■ What the task asks
Pictures are to be left out. Return exactly the lines below from the one with "Ginevra Giovannoni, in" up to and including the one with "Аналитические счета –".
--- START ---
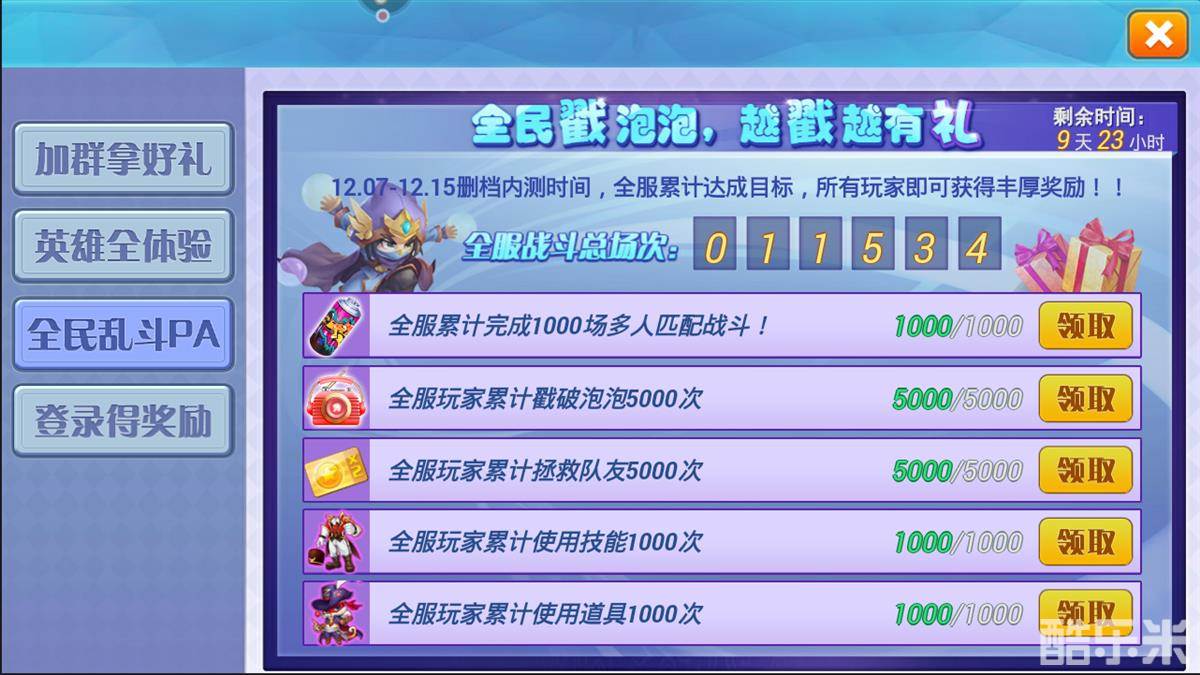 四天战斗总场次达41534次,全服玩家累计戳破泡泡10000余次,累计拯救队友10000余次,累计使用技能10000余次,累计使用道具10000余次。厉害了,我的泡友们!2天就完成了全服游戏目标!
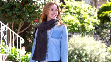 Bundle up in style with a gloriously bulky super scarf. Designed by Yarnspirations, this oversized scarf features a 12-row stitch pattern that creates a gorgeous overall texture. Faith Hale shows you how to get started, work the Dew Drop pattern, and make super-sized tassels to finish off the corners. Worked in a super bulky yarn, the scarf knits up quicker than you might think. For even more Super Scarf inspiration, check out 12 more fabulous knit and crochet patterns from Yarnspirations here.
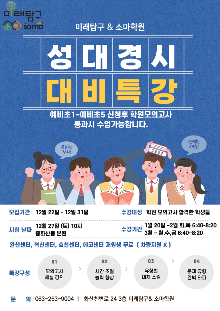 안녕하세요 미래탐구수학혁신학원입니다 2026 전기 성대경시 대비 특강이 미래탐구 중화산 본원(완산센터)에서 개강합니다. 특강신청 시 학원모의고사를 합격한 학생에 한해 수강가능하며 미래탐구 완산, 혁신, 효천, 에코센터 재원생은 무료로 진행됩니다. 관심있는 학생들은 원으로 문의주세요! 미래탐구수학혁신학원 소중한 우리 아이 더 특별하게 상담 및 수강 문의 ☎️063.228.9004 인스타 @miraetamgu_math_hs 위치 완주군 이서면 출판로 46-4 영동 빌딩 6층 #전주 #전주혁신도시 #전주혁신 #만성동 #혁신동 #이서면 #전주수학학원 #전주혁신도시수학학원 #전주혁신수학학원 #만성동수학학원 #혁신동수학학원 #이서수학학....... <img src="https://blogthumb.pstatic.net/MjAyNTEyMTdfNzcg/MDAxNzY1OTUxNzg4NDk5.QKi-r_h0aUaxEhkL68L0n0Tqf7xca-U7_arJIfzVu6gg.wRATo0iqBzKmayiSsv7U9yTxOuRm7GE6yZnlGy9aQOYg.PNG/900%A3%DF1765883438812.png?type=s3" />
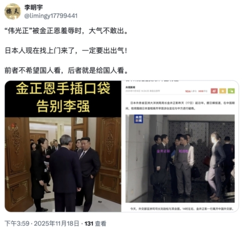 【大纪元2025年11月19日讯】(大纪元记者李净、骆亚采访报导)中日司局长级磋商昨天(18日)在北京举行,围绕日本首相高市早苗的涉台言论进行交涉。会后,中方官员刘劲松“双手插兜”送客的画面经官媒高调报导后,引发批评。专家分析认为,中共战狼姿态主要服务于国内宣传,但实际效果可能适得其反。
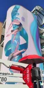 Ginevra Giovannoni, in arte, Rame 13 spiega che il suo murale vuole essere un omaggio alle donne del Wind Surf, “disciplina che è molto più di una semplice attività fisica perché incarna la bellezza della natura e la sfida della tecnica. È una via per connettersi con il mare, superare le avversità e scoprire il proprio potenziale. E negli ultimi decenni, il Surf ha visto una crescente partecipazione femminile.”
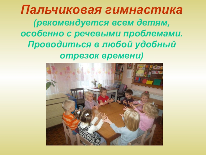 Слайд 16Пальчиковая гимнастика (рекомендуется всем детям, особенно с речевыми проблемами. Проводиться в любой
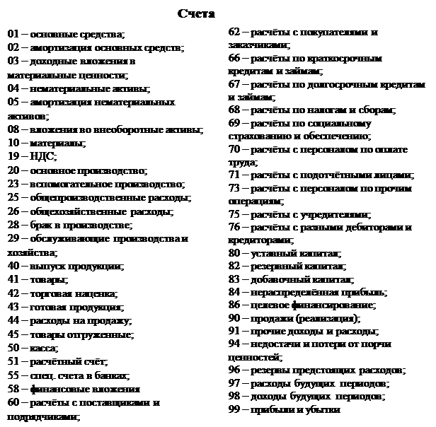 Аналитические счета – используются для более детального учёта хозяйственных средств по составным частям в натуральном и денежном выражении.
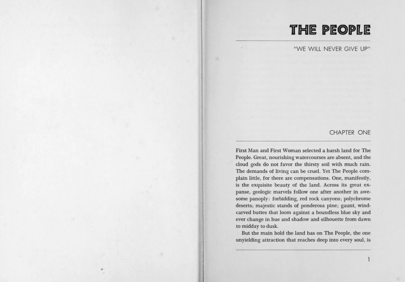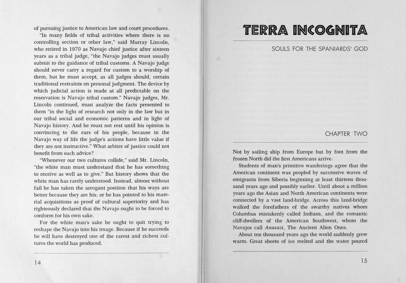 For the jacket design, Walter Harper combined stacked and interlocked Trooper Roman with equally tight-spaced caps from News Gothic and a photograph of Tsé Bii’Ndzisgaii – Monument Valley. The interior design is uncredited. It uses Neuland licht with Futura Light for the title page and chapter beginnings. The text typeface is Rudolph Ruzicka’s Primer.
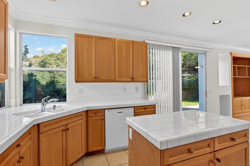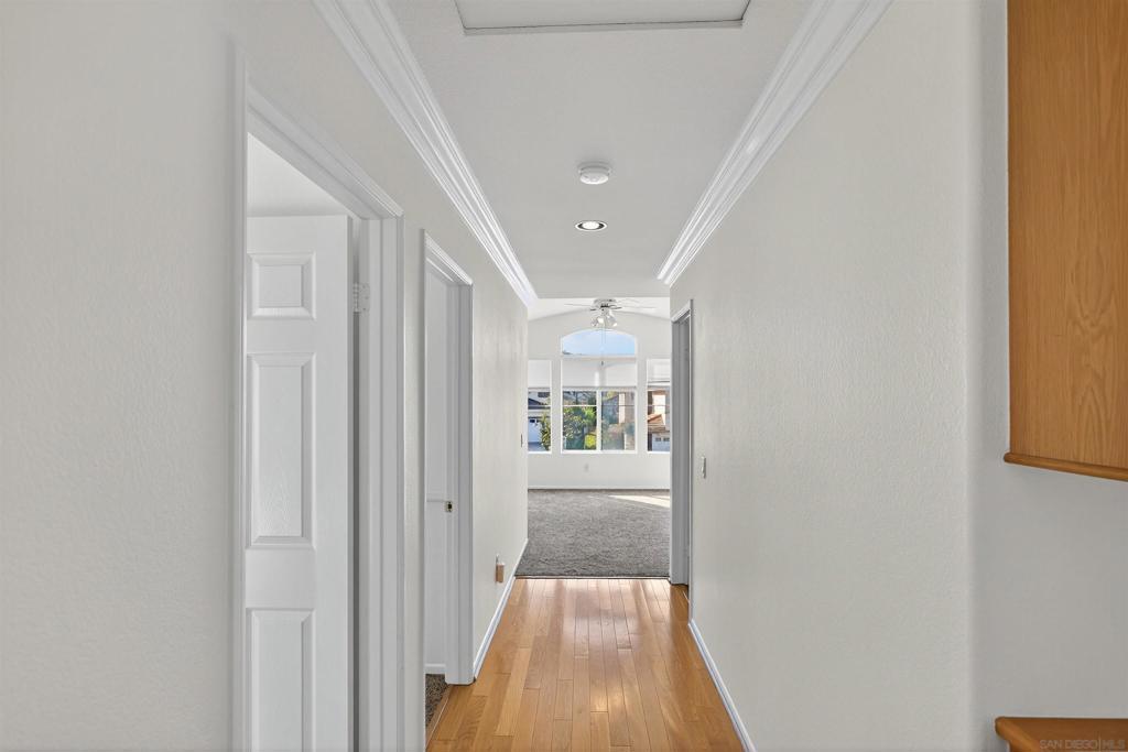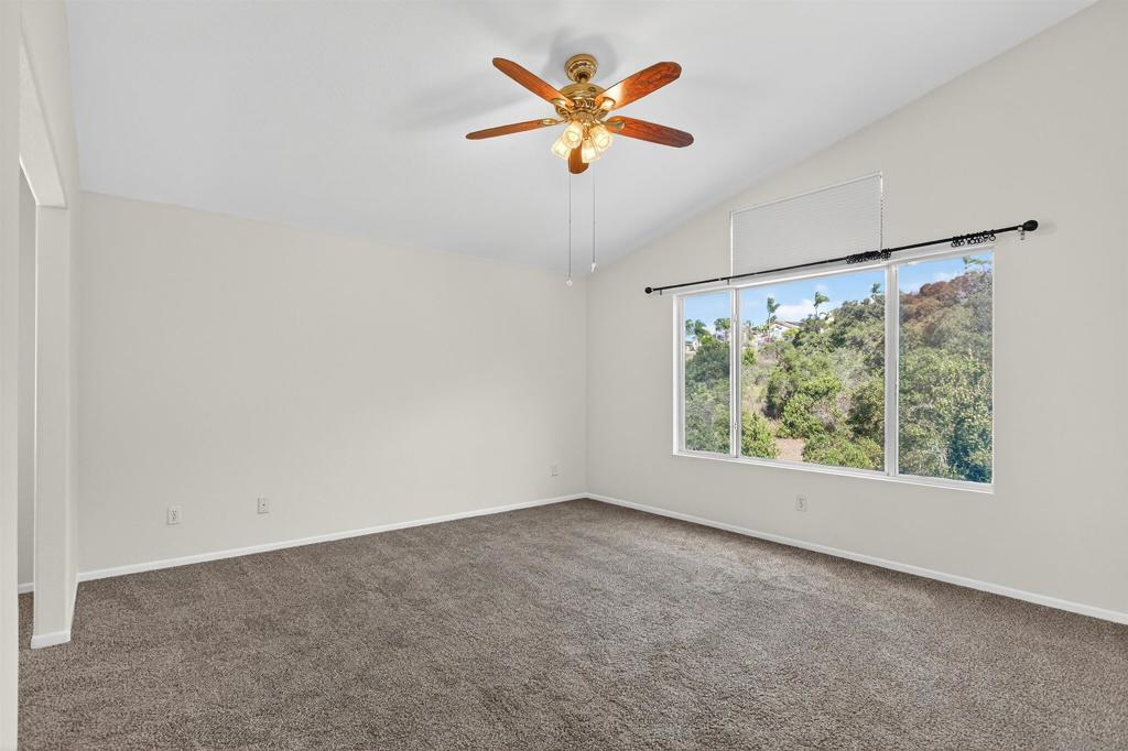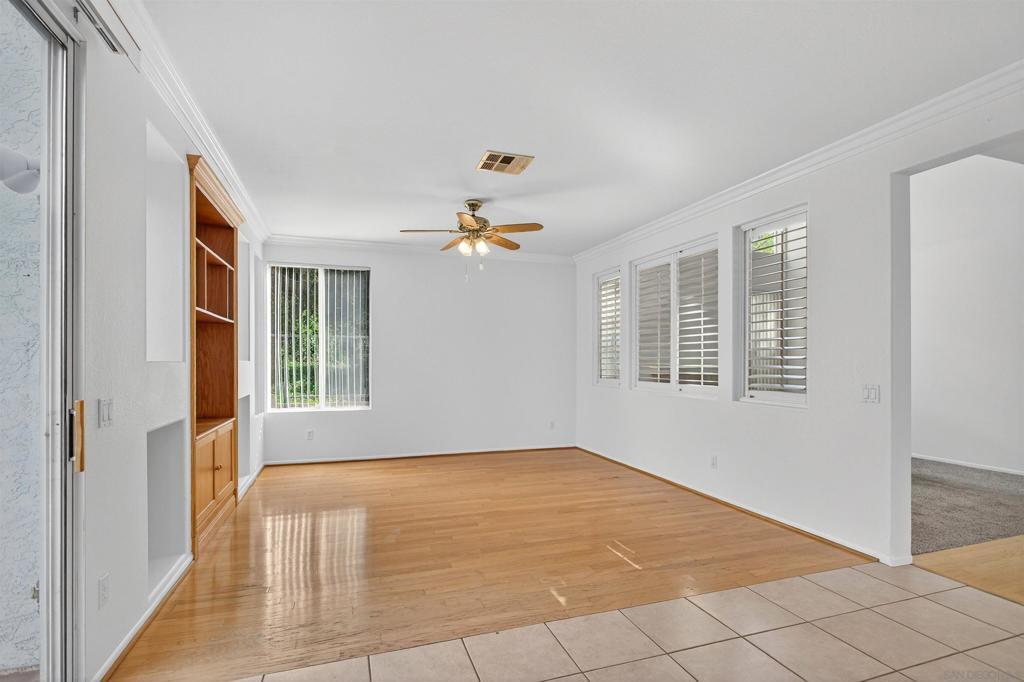 Bright and spacious home on a quiet cul-de-sac. Open space in the back and you only have one neighbor sharing the fence. No home to the back or the right side of the house. One of the bedroom upstairs is converted into an open space. But you can convert it back to a bedroom. Wood, tile, and carpet covers the floor area. High ceilings and ceiling fans. One of the bedrooms is conveniently on the first floor for those who may have tough times going up the stairs. There is a separate space/retreat off the master bedroom which you can use it for your office, work out room, or your hobby room. Large lemon tree with tons of lemons. Neighborhood park is nearby. Located in award winning Poway School district. Quick drive to the freeway (I15) and shopping. You could move in right away and make it your home. Or remodel to suit your taste.
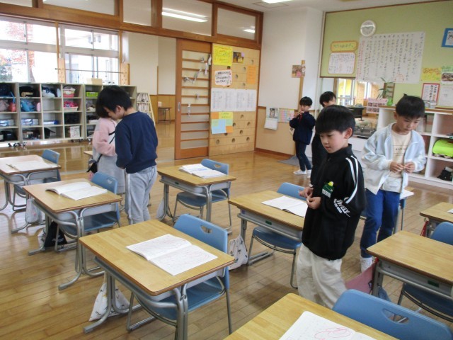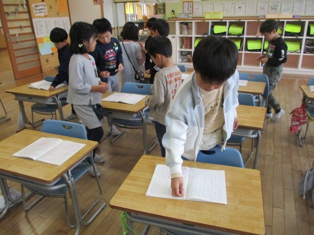 1学期から自学ノートをこつこつと続けてきた1年生。今日は、13日から始まる大成っ子パワーアップ週間を前に、友達同士で自学ノートを見合いました。「丁寧に字の練習をしているからいいな」「算数の問題を作るのを自分でもやってみたいな」など、友達の取り組みのよさを感じていました。
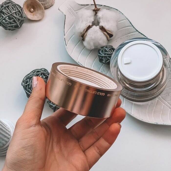 Крем с лифтинг-эффектом эффективно борется с первыми признакми старения кожи, золотые нити придает коже эластичность и упругость, осветляет. Золотые нити и фольга способствуют повышению кровотока и выработки питательных веществ, таким образом, начинает происходить естественный лифтинг: кожа разглаживается, уменьшаются морщины, ионы золота стимулируют микроциркуляцию и обогащают клетки кислородом.
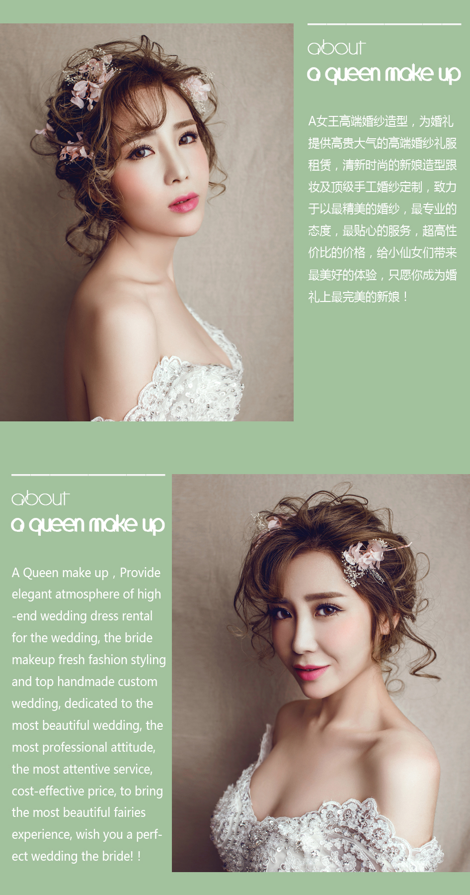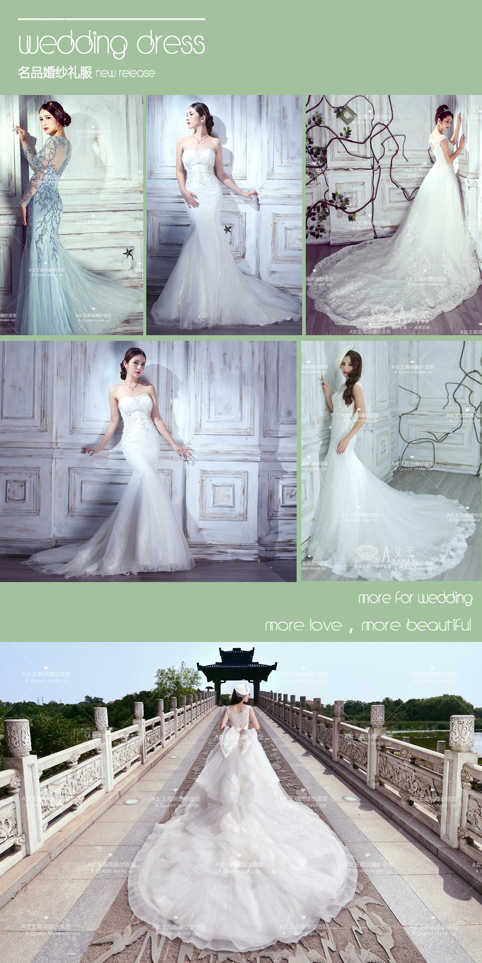 『A Queen』高端精致婚纱+礼服+新娘跟妆
--- END ---
■ Task answer
 Ginevra Giovannoni, in arte, Rame 13 spiega che il suo murale vuole essere un omaggio alle donne del Wind Surf, “disciplina che è molto più di una semplice attività fisica perché incarna la bellezza della natura e la sfida della tecnica. È una via per connettersi con il mare, superare le avversità e scoprire il proprio potenziale. E negli ultimi decenni, il Surf ha visto una crescente partecipazione femminile.”
 Слайд 16Пальчиковая гимнастика (рекомендуется всем детям, особенно с речевыми проблемами. Проводиться в любой
 Аналитические счета – используются для более детального учёта хозяйственных средств по составным частям в натуральном и денежном выражении.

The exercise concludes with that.